The Ontario College of Teachers claims that the two took part in a scheme to boost the overall test scores of their school, École secondaire catholique Père-René-de-Galinée on Maple Grove Road.

This week, former principal Carole Wilson and vice-principal Marc Lamoureux admitted to the college that they found ways to inflate the school’s EQAO test scores in 2010 and 2011.

According to an agreed statement of facts, Lamoureux told a group of Grade 10 students that they would not be allowed to write the Ontario Secondary School Literacy Test, without consulting them or their parents, and “allowed the teachers to give back to the students their own EQAO assessments after the test period so that they could make corrections or finish their answers.”

Wilson admitted that she allowed some students to defer writing standardized tests.

Père-René-de-Galinée

In 2010, Fresias Maleka was a Grade 10 student at Père-René-de-Galinée. She says she was given a letter telling her she couldn’t write the literacy test.

Maleka claims that her vice-principal told her that the reason she couldn’t take the test was because she wouldn’t pass.

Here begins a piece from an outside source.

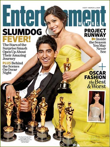 奧斯卡結束了,但是奧斯卡帶來風潮和效應并沒有結束,而橫掃奧斯卡的《貧民窟的百萬富翁》也捧紅了男女主角,他們等上了《Entertainment》雜志的封面,封面上兩個人眉開眼笑,手拿小金人拍照。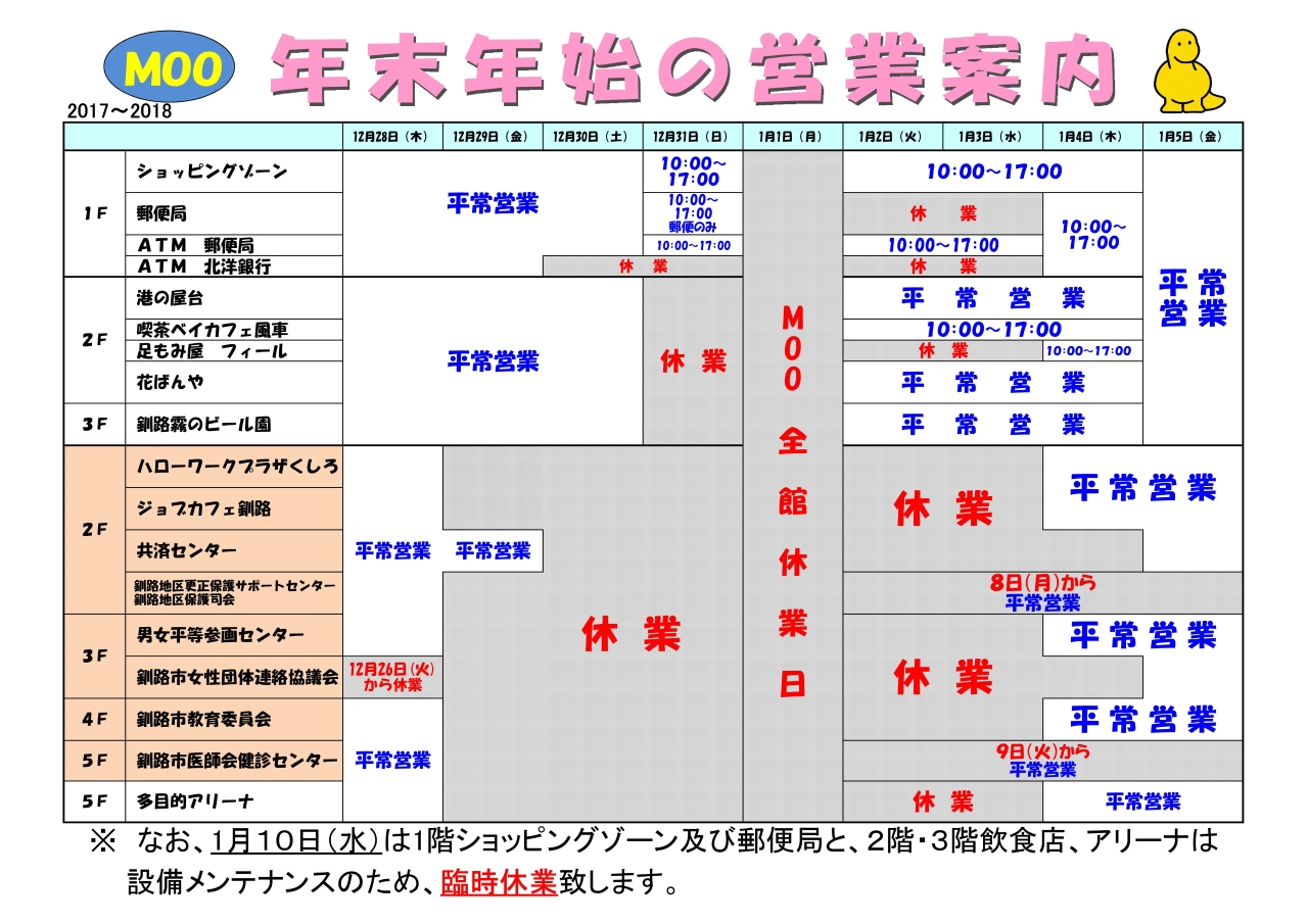 Home > インフォメーション > 釧路フィッシャーマンズワーフMOOの年末年始の営業についてご案内いたします。

“The point of the test is to help see how they can improve the school system,” she said in an interview.

“By rigging it, no one is learning anything.”

Maleka, who is now in college, was moved to another school in another school board by her mother later that year.

In addition to a public reprimand, Lamoureux and Wilson have been suspended without pay and ordered to complete a course on professional ethics.

Neither of them replied to requests for comment from CTV News before this story was published.